Canto a Gonzalo Rojas

AutorJeannette L. Clariond

Un poeta no cesa nunca de nacer. Sus palabras nos crecen en el alma o son árboles, ríos que un día mojarán nuestros pies. Un poeta es raíz, cielo donde el sol es la única semilla. Gonzalo Rojas Pizarro es una rama desnuda cuyos labios nombran la sed. Él vino a Monterrey, al Barrio Antiguo, a las calles adoquinadas de la Catedral, estuvo en Marco, en la Cátedra Alfonso Reyes del Tec. También acompañó a José Luis Cuevas en el Museo Metropolitano, cuando juntos reimaginaron la tinta de Picasso.

Un poeta puede transformar la piel de una ciudad. Sus cerros, valles y colinas, las frondas de los árboles, los pájaros y grillos, lo que ven y lo que no quieren ver, son reimaginados por esa voz que entrevé las alas del destino.

Un poeta es agua, gota que huella la piedra. "Neologismos", dijo a los jóvenes, "atrévanse a usar silogismos". Ellos tenían sed de oír lo que el poeta vino a decirles, a hablar de su visión de la poesía, la única realidad. Talleres, lecturas, charlas... ellos, los jóvenes, entendieron que el habla es raíz, fundamento, patria. Y la patria del poeta, su casa, es la lengua, la que se ha sabido ejercer con libertad, con gracia para decirlo con Rojas, con un silencio casi sagrado.
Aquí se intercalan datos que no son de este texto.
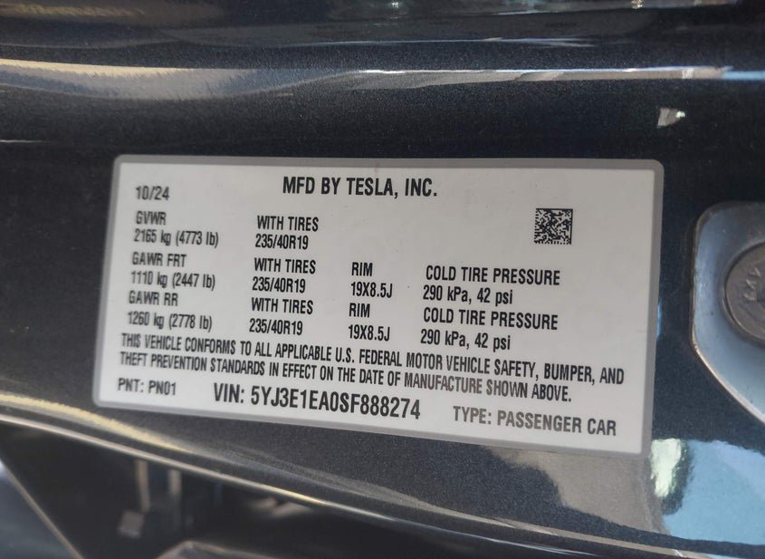 - VIN: 5YJ3E1EA0SF888274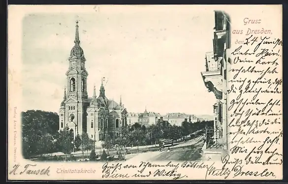 AK Dresden, Trinitatiskirche mit Strassenbahn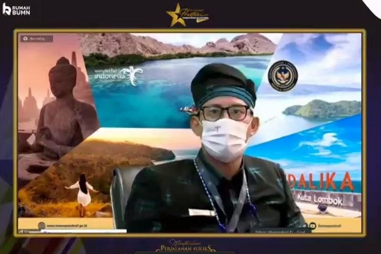Menteri Pariwisata dan Ekonomi Kreatif (Menparekraf) Republik Indonesia (RI) Sandiago Salahuddin Uno pada acara Anugerah Prestasi Inkubasi Bisnis 2021 yang berlangsung secara virtual, Selasa (16/2/2021).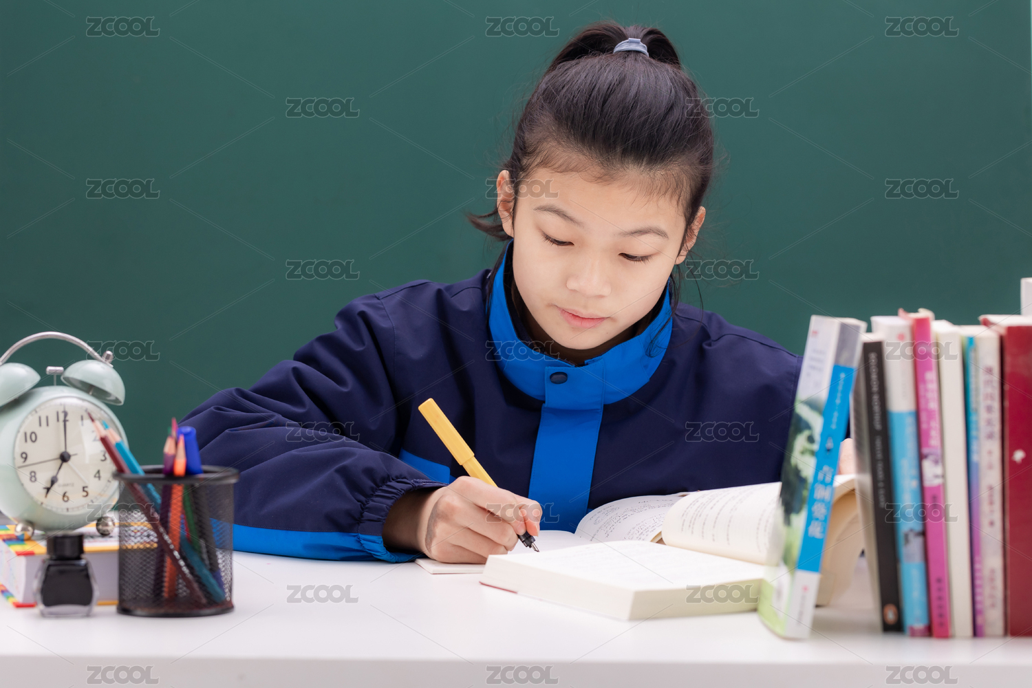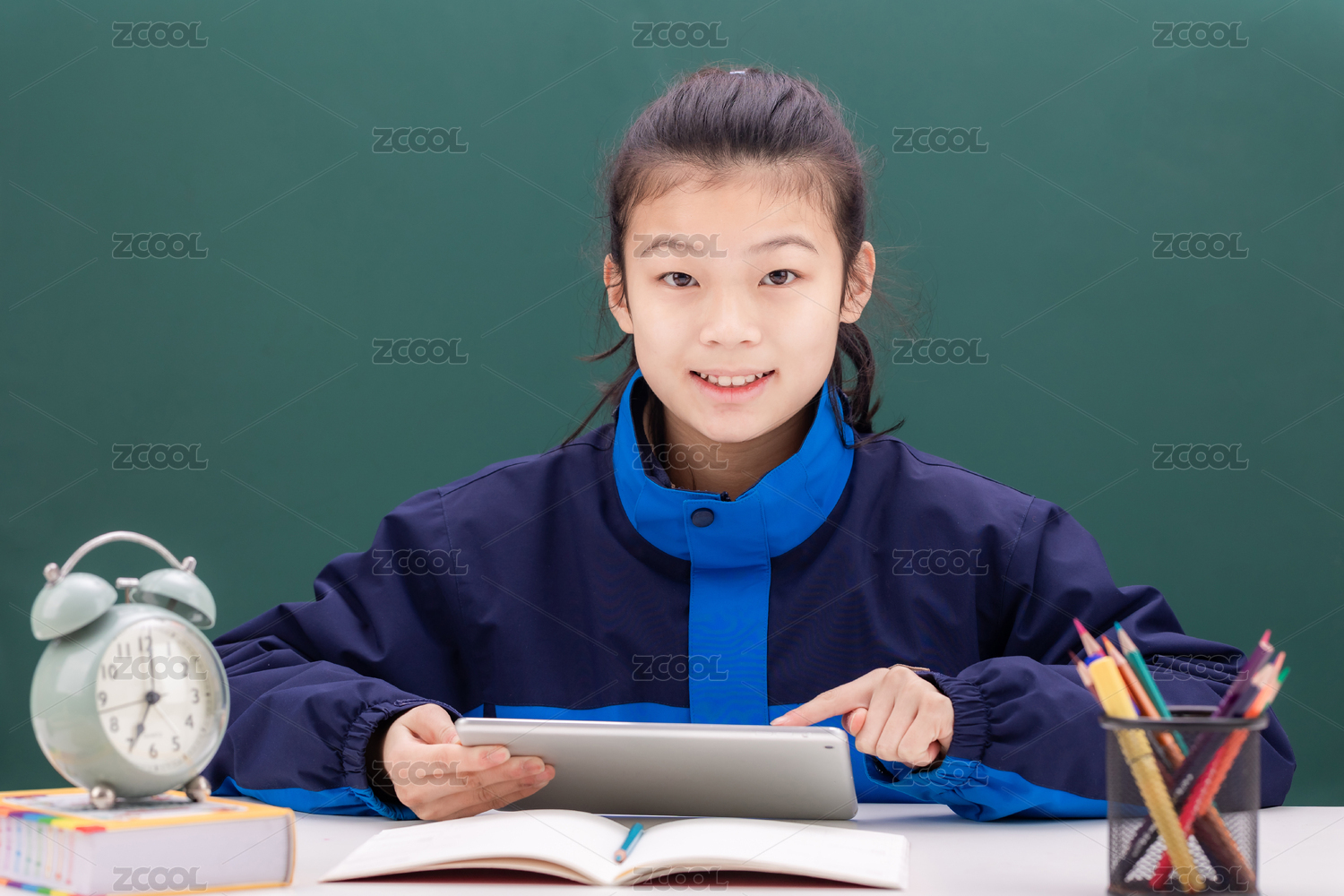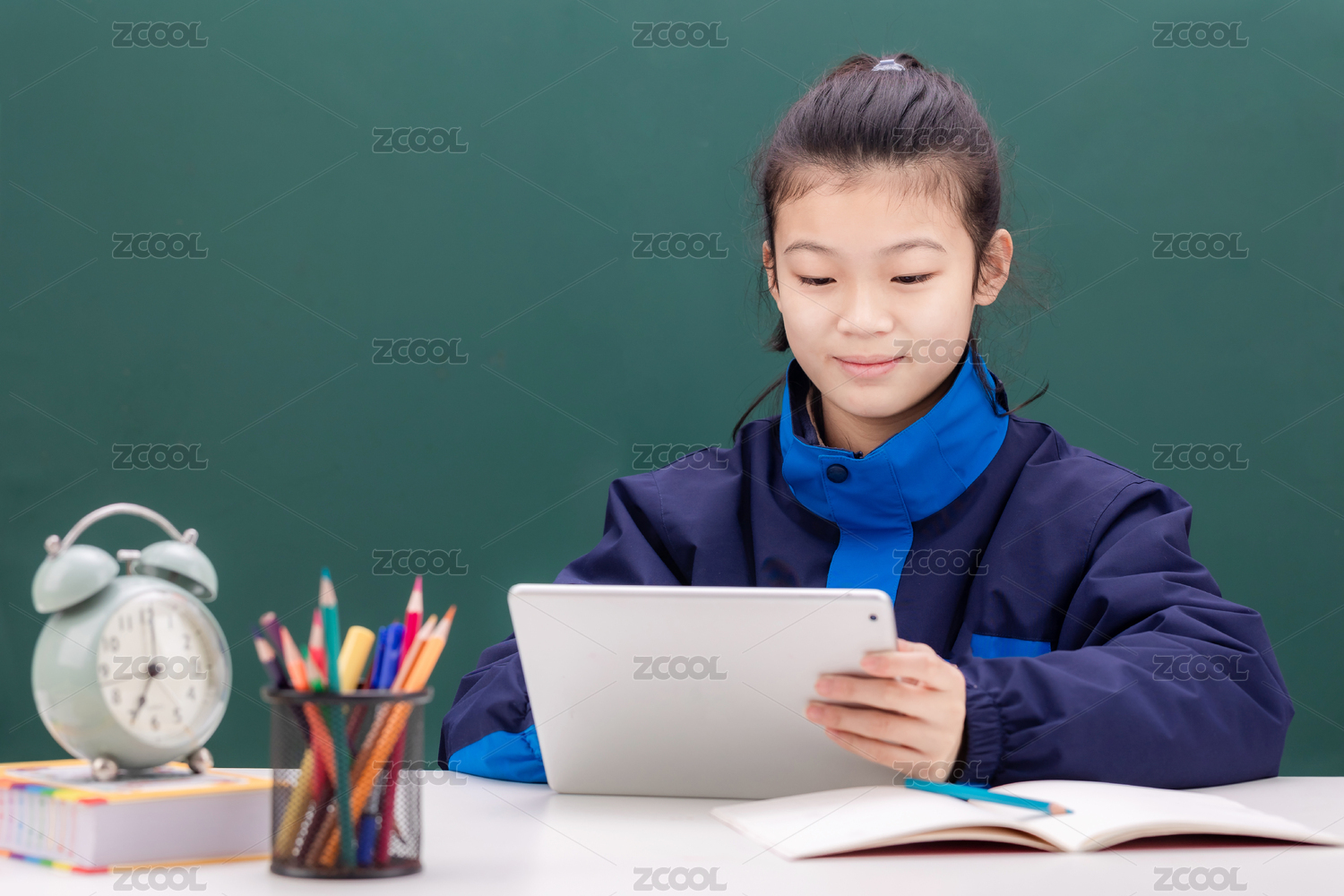 亞洲女孩在學(xué)校教室接受在線(xiàn)遠(yuǎn)程教育
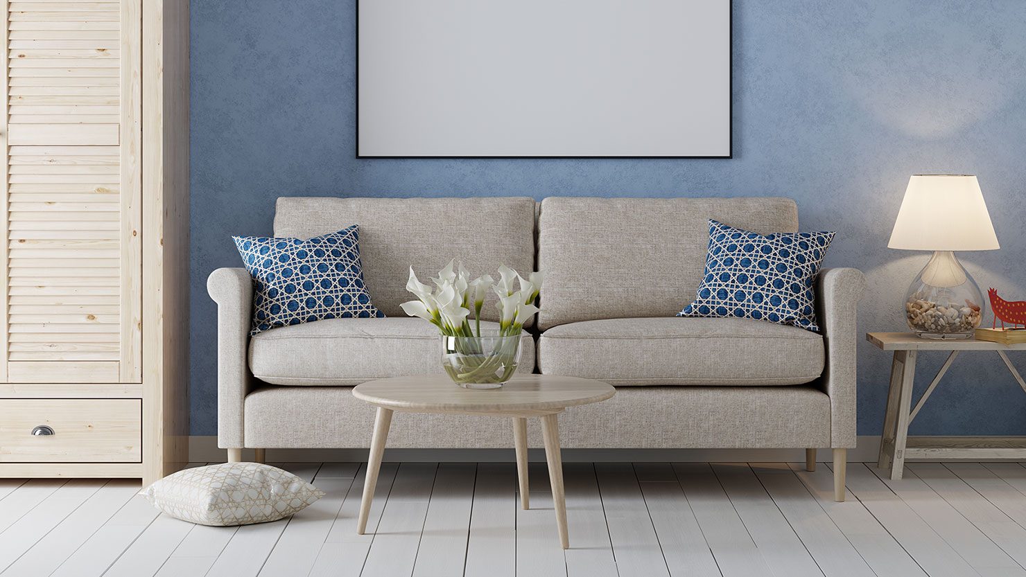 まず壁をおしゃれにするためには、1面だけを色や柄のついた壁紙に張り替えるアクセントクロスをおすすめします。ベージュやブルーなど落ち着いた色を選べば、家族全員がリラックスして過ごせる空間を演出できます。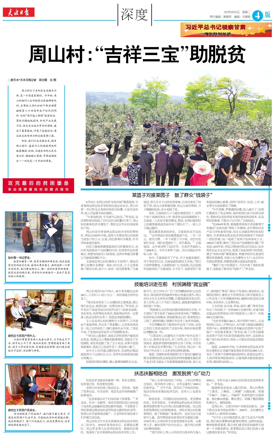 周山村位于麦积区五龙镇东北部,是一个深度贫困村。今年初,周山村被列入全市脱贫攻坚挂牌督战村,在帮扶工作队和村干部准确掌握脱贫人口动态和生产状况的同时,对标“两不愁三保障”脱贫标准,聚焦问题短板弱项,针对产业发展不足、缺乏专业技术等实际困难,建成了蔬菜基地,开展了技能培训,通过扶志扶智助力群众脱贫奔小康。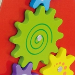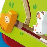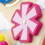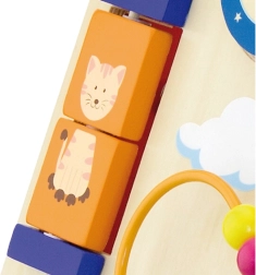 Obrotowe elementy, przesuwane zwierzątka, koralikowa pętelka i wiatraczek wspierają małą motorykę, cierpliwość oraz rozumienie przyczyn i skutków.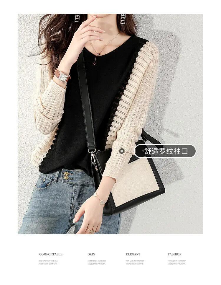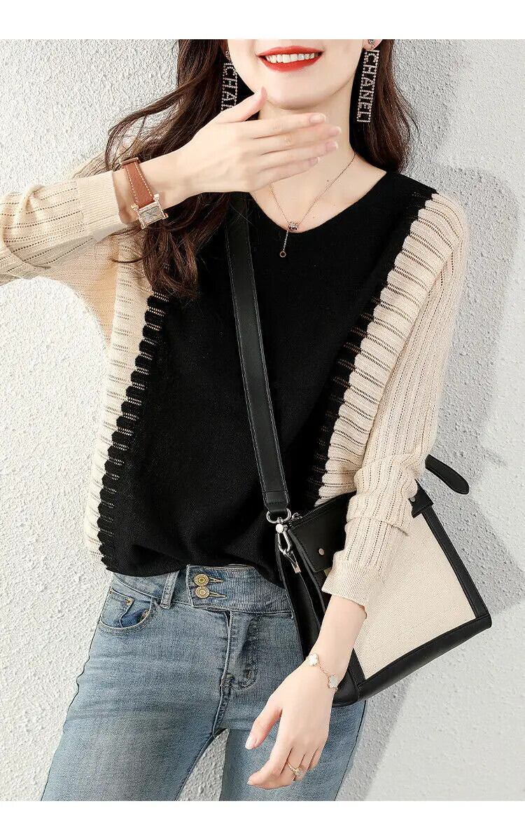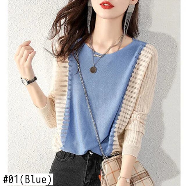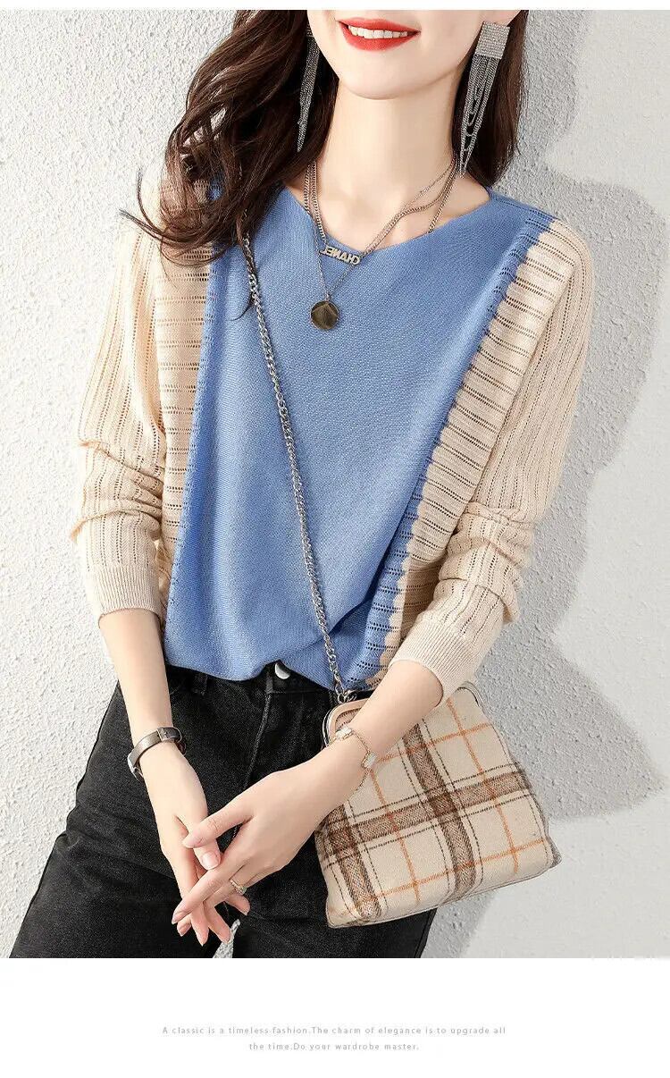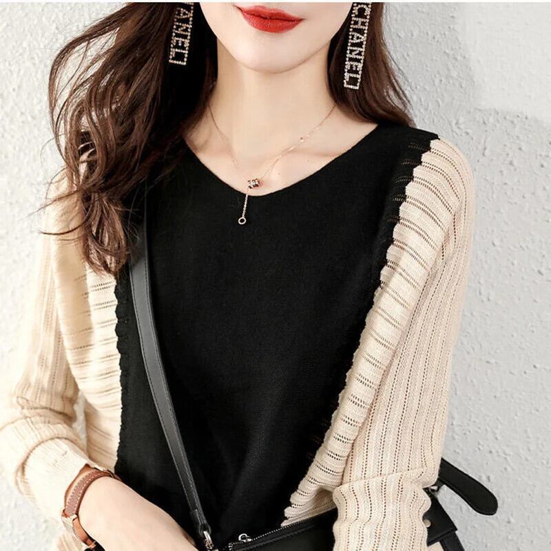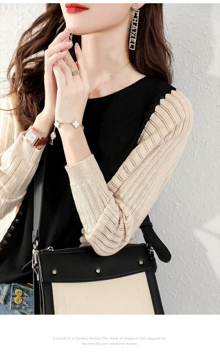 送料無料 スプライス長袖ルーズニット中空アウトブラウス2022秋プルオーバールーズ通勤シャツ ロング オータム 秋物 AE1288776619033732460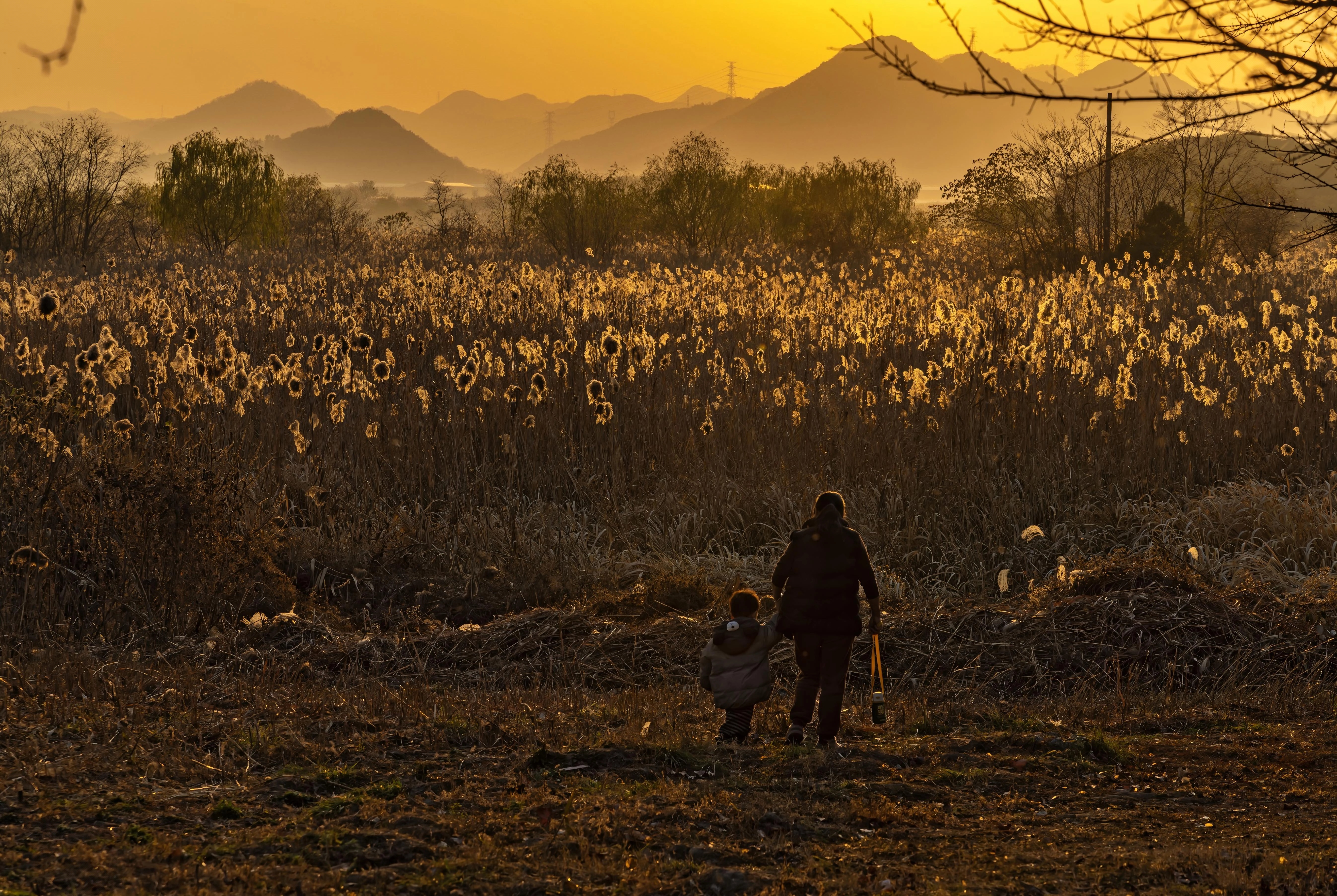冬日黄昏,祖孙俩慢悠悠踱过枯草田埂,芦苇在夕照里摇曳,远山温柔地卧着。剪影拉长,暖光洒满农耕区,连干枯的植物都泛着柔光~这大概就是最松弛的亲子时光吧!

Lo que Rojas solía llamar "ocio" no era sino olfato, sigilo, contemplación, irreverencia, ojo. "Usted ve con un solo ojo -le dijo su ofta-, pero qué importa si usted sueña con los dos". Al estilo Hölderlin, el asombro, no el lamento por la pérdida, su apuesta fue el asombro. William Golding pidió que eso se escribiera sobre su tumba.

Para visitar la palabra de un poeta no es necesario viajar, no es necesario morir. Mejor imaginar la piedra, la tabla donde duerme, las flores hermosas de su jardín, la mesa, el cuchillo, los pétalos. Los jóvenes sentados en las butacas del auditorio aquella vez estaban viendo viajar la voz hacia las minas de Chile, hacia su río, El renegado, el torreón, las altas crestas.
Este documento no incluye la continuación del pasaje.